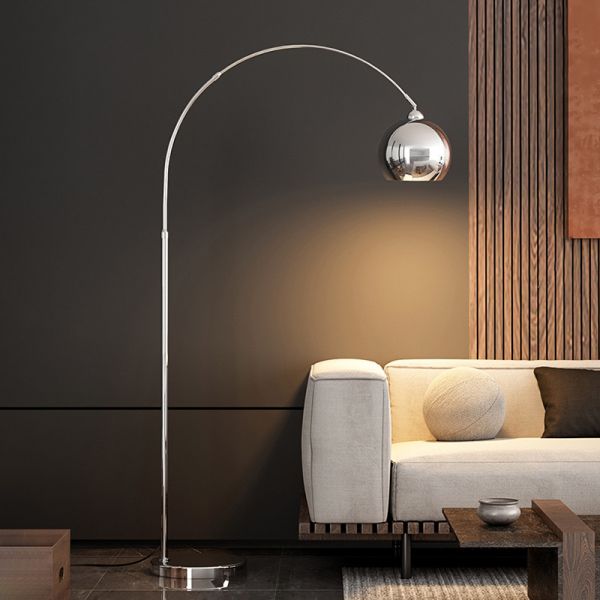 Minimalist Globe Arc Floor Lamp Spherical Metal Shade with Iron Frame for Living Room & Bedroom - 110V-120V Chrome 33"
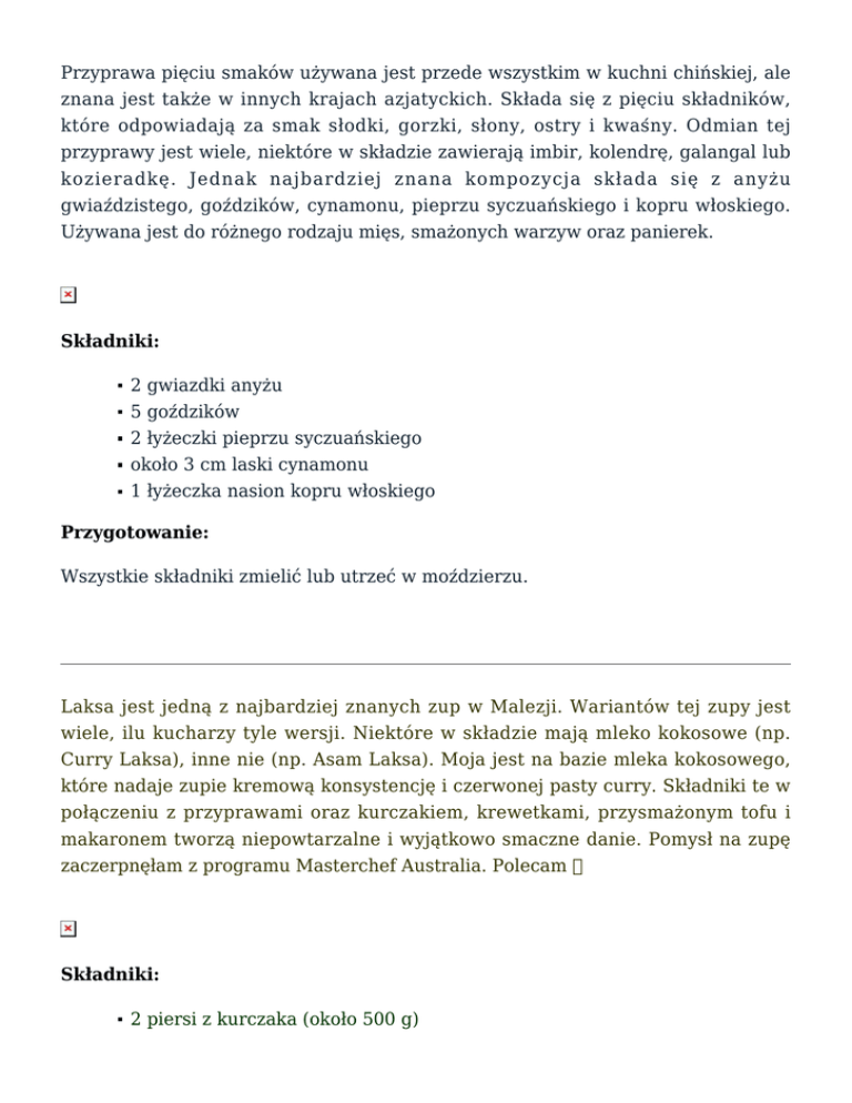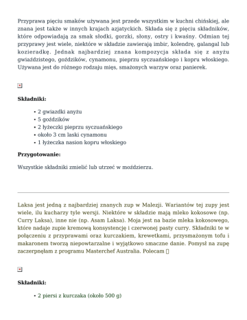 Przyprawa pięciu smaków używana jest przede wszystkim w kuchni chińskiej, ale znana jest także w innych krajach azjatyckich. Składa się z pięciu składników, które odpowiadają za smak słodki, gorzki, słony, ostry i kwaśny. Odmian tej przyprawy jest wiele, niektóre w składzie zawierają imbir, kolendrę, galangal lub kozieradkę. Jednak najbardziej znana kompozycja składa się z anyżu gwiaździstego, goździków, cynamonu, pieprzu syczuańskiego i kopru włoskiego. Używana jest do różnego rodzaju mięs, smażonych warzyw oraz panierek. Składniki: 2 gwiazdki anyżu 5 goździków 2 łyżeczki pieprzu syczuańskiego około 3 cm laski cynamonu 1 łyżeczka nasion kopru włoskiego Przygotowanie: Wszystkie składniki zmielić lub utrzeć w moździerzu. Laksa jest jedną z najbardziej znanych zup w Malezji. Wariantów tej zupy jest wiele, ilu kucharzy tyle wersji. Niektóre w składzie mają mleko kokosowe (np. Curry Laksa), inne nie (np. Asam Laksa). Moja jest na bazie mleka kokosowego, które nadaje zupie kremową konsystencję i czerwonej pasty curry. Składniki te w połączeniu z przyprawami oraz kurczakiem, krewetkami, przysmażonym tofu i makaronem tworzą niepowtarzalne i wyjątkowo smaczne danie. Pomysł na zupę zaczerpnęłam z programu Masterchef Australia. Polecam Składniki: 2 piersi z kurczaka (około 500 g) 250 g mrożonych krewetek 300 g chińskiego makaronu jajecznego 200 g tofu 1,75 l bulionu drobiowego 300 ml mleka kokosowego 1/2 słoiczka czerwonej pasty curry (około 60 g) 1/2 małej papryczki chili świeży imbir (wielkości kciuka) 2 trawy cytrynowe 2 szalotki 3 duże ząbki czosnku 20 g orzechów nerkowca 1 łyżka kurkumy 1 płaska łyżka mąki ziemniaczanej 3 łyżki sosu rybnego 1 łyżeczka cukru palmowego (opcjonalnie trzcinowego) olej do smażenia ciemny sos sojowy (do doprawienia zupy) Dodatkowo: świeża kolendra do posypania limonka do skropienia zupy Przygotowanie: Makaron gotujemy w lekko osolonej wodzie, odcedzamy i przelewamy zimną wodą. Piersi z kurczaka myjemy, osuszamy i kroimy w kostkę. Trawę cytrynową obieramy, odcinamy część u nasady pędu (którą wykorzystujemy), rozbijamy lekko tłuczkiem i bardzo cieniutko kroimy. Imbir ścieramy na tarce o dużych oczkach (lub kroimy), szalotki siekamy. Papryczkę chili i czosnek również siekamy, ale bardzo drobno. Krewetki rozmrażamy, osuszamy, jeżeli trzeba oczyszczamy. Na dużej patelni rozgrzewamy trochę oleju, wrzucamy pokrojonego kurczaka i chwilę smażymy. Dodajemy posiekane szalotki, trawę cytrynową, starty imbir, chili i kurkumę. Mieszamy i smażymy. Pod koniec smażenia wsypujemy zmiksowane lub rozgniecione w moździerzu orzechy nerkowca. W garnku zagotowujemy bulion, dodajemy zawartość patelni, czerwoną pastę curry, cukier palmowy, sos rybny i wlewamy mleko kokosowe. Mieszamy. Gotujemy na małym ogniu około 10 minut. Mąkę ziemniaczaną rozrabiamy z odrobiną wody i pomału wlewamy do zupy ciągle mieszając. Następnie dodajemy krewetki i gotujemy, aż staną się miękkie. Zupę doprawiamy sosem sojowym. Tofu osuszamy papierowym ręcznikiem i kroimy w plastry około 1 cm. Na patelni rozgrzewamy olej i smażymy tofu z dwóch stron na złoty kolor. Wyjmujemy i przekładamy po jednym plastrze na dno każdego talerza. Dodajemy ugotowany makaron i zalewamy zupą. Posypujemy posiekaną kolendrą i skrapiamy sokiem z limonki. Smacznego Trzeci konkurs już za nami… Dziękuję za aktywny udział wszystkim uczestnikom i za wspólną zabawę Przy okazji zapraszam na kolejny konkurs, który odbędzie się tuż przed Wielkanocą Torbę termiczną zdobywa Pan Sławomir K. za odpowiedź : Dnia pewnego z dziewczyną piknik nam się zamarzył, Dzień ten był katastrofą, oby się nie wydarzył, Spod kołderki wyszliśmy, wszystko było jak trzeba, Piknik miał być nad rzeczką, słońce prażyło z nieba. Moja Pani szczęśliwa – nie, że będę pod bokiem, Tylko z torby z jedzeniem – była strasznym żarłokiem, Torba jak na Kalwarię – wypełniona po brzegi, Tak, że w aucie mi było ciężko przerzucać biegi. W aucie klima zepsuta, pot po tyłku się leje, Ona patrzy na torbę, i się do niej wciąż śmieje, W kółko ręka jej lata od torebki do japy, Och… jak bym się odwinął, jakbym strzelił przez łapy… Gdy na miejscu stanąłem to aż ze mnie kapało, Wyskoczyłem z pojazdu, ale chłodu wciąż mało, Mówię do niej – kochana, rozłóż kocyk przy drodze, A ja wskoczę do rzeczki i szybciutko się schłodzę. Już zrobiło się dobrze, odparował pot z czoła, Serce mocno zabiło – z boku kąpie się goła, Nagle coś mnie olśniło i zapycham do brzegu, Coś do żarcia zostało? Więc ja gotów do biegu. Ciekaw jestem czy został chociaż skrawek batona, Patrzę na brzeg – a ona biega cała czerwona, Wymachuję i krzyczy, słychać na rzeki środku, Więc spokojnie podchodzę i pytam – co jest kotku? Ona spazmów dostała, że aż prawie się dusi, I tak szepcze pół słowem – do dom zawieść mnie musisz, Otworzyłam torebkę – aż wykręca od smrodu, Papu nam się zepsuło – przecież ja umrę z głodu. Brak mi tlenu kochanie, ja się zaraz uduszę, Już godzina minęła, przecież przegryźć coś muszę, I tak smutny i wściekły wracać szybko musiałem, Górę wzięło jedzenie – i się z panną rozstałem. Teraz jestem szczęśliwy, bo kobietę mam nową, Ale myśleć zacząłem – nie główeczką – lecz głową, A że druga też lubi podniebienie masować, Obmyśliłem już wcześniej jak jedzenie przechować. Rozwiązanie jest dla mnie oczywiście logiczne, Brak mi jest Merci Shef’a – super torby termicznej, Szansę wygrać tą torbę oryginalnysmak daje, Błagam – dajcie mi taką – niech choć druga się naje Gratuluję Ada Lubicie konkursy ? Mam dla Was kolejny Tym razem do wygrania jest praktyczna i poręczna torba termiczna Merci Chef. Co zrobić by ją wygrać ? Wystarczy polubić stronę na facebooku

* * *

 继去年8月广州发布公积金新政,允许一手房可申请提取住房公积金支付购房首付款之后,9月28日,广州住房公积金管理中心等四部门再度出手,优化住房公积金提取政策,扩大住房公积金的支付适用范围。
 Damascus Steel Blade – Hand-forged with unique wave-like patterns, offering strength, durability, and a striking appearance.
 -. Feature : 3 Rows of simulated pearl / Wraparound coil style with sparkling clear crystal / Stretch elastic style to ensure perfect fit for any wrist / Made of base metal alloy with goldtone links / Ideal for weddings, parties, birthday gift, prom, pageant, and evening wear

==

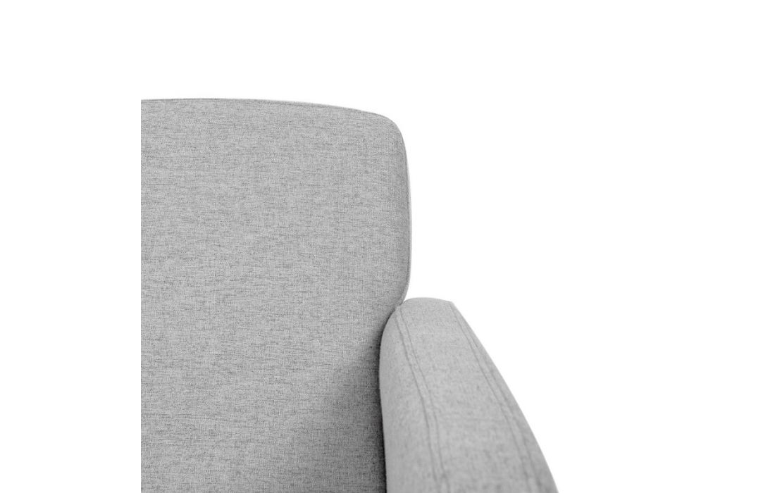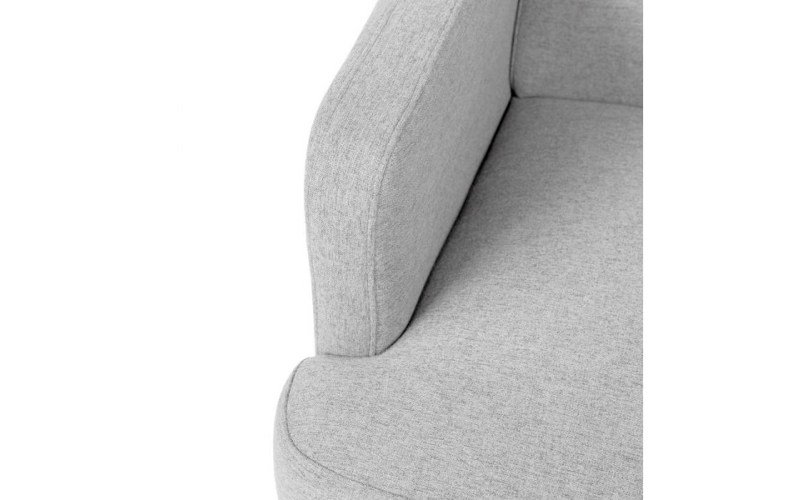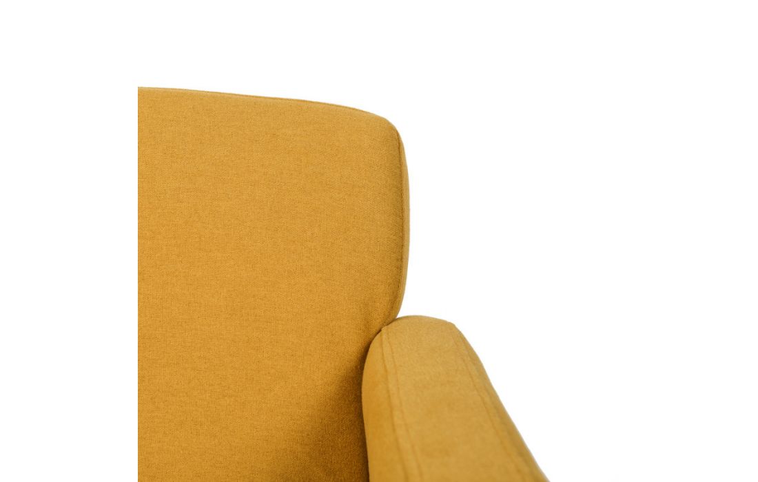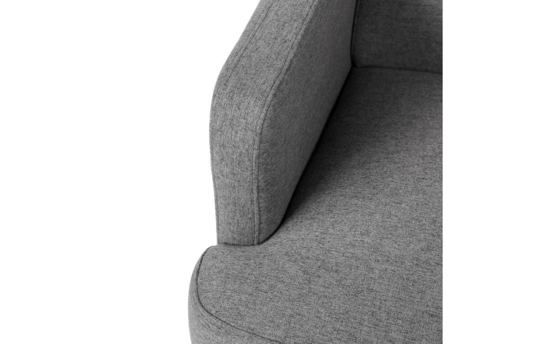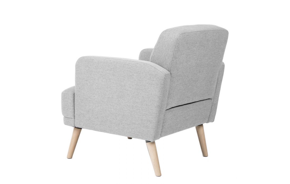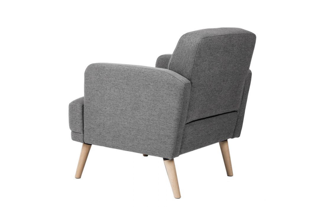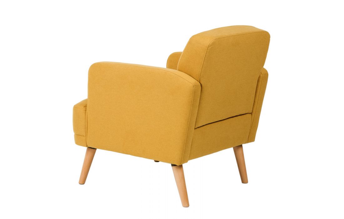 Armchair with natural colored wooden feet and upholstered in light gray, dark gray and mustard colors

Problem description
Please transcribe only the lines in the records above running from the line that has "继去年8月广州发布公积金新政" through the line that has "-. Feature : 3", both included, exactly as they appear.

Problem solution
 继去年8月广州发布公积金新政,允许一手房可申请提取住房公积金支付购房首付款之后,9月28日,广州住房公积金管理中心等四部门再度出手,优化住房公积金提取政策,扩大住房公积金的支付适用范围。
 Damascus Steel Blade – Hand-forged with unique wave-like patterns, offering strength, durability, and a striking appearance.
 -. Feature : 3 Rows of simulated pearl / Wraparound coil style with sparkling clear crystal / Stretch elastic style to ensure perfect fit for any wrist / Made of base metal alloy with goldtone links / Ideal for weddings, parties, birthday gift, prom, pageant, and evening wear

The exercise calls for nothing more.